I'm gone to be gone to tower trax and was wanting to know if any one was gone that weekend it's looking for some one to ride with


----------



## mudking1199 (Dec 28, 2012)

Any one


----------



## triston (Aug 31, 2009)

I might go


----------



## 2010Bruterider (Jun 20, 2010)

I've only been once myself. I'd like to make another ride down there. Let me see how busy I am at work the week prior, maybe I can join in. I'll check with my son n law too.
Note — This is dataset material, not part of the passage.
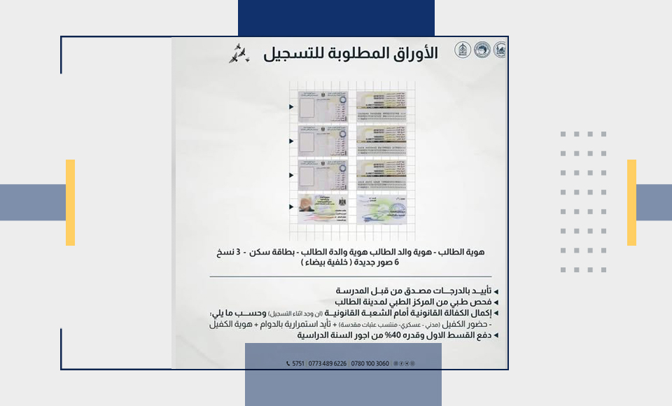 فريق التسجيل متواجد طوال أيام الأسبوع من الساعة 8 صباحًا حتى المساء. للاستفسارات، يُرجى الاتصال على الأرقام التالية:

Maybe he will be off work too. 
Do you know your way around the park?


----------



## Bruteforce10 (Jun 25, 2010)

Just follow the blue trail


----------



## mudking1199 (Dec 28, 2012)

Just been there a few times I know a lil bit about it


----------



## mater750 (May 8, 2012)

Im looking to do some riding that weekend myself but every time I go there its dusty as holy hell lol

Fatboyz Customz Crew


----------



## mudking1199 (Dec 28, 2012)

Lol yeah I know but work all this rain I'm hopping its not


----------



## mater750 (May 8, 2012)

Lol yea it would have to be a hurricane or have a few heavy thunderstorms to be sure theres no dust around. Haven't been there in awhile so if I went id prob get lost lol

Fatboyz Customz Crew


----------



## mudking1199 (Dec 28, 2012)

Lol yeah I'm hopping it rain Friday if I get lost I ride till I someone and ask them how to get back lol


----------



## todbnla (Jun 12, 2012)

Should be muddy as hell with all this rain this area has been getting...


----------



## mudking1199 (Dec 28, 2012)

That's what I'm hopping on


----------